Stored entries:
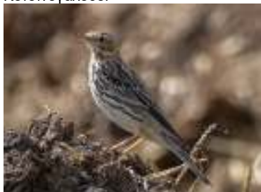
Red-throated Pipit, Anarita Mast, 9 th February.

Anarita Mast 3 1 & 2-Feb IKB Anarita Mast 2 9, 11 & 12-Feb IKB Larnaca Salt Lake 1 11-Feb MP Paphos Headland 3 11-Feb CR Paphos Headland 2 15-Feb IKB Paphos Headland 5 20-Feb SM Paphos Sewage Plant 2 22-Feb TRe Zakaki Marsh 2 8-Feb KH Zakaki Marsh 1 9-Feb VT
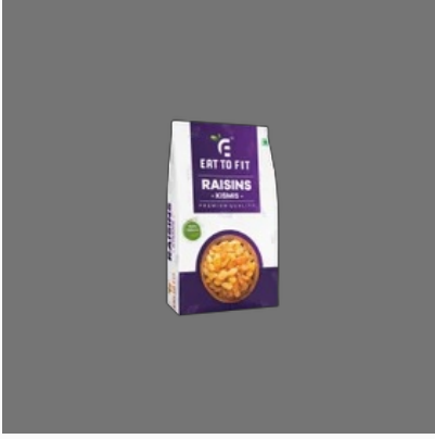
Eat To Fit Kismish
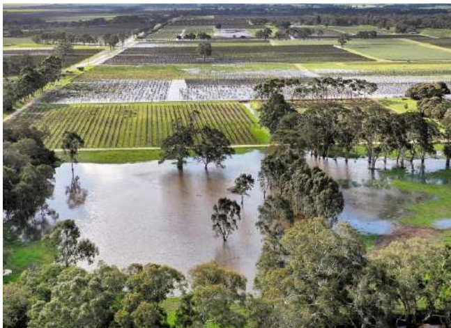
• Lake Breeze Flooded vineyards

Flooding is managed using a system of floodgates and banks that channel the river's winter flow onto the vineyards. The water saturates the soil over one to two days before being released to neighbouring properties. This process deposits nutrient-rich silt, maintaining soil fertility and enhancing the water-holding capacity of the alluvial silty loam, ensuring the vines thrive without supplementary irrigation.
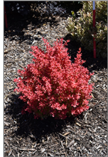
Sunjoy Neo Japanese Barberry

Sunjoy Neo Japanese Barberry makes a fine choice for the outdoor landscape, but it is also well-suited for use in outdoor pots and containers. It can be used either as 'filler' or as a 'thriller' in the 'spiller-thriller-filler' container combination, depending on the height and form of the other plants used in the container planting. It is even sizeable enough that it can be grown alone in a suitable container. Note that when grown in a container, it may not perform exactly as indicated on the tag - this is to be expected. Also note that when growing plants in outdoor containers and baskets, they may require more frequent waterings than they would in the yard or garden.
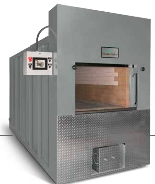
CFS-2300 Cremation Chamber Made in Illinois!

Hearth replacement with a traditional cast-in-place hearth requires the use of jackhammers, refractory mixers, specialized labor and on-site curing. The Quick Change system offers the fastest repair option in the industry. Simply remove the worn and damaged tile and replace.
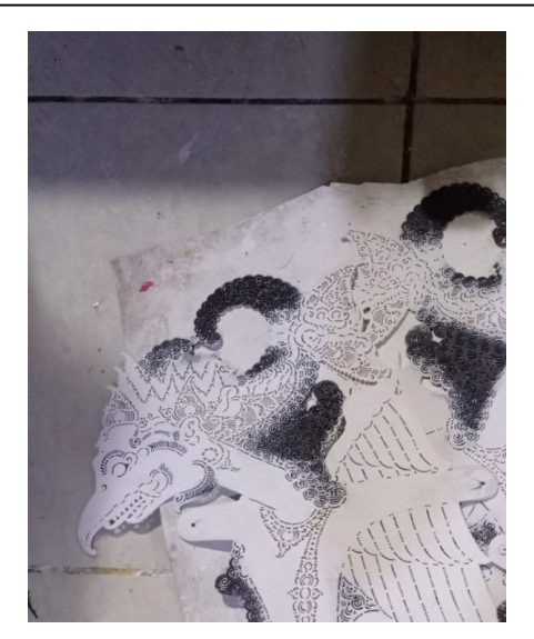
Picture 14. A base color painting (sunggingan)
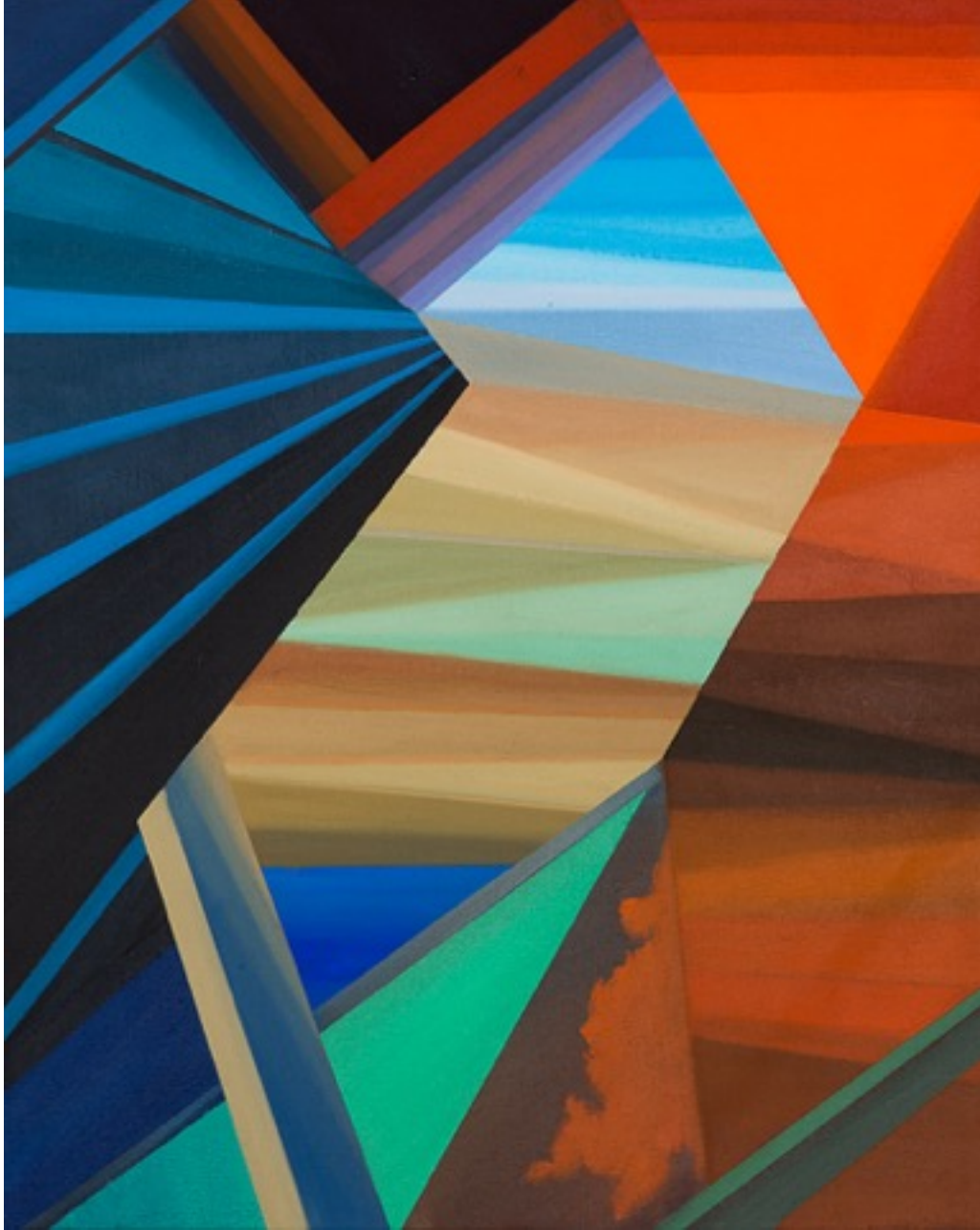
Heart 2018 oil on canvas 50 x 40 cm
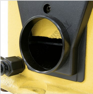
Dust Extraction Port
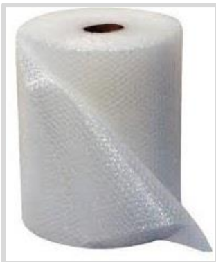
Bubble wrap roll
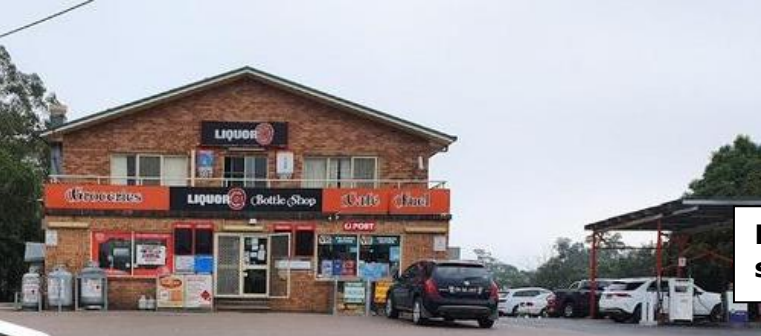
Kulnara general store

WORK ITEM
From the line with "Hearth replacement with" to the final line of the records, inclusive, set down the lines exactly and add nothing; leave every picture out.

RESULT OF THE TASK
Hearth replacement with a traditional cast-in-place hearth requires the use of jackhammers, refractory mixers, specialized labor and on-site curing. The Quick Change system offers the fastest repair option in the industry. Simply remove the worn and damaged tile and replace.
Picture 14. A base color painting (sunggingan)
Heart 2018 oil on canvas 50 x 40 cm
Dust Extraction Port
Bubble wrap roll
Kulnara general store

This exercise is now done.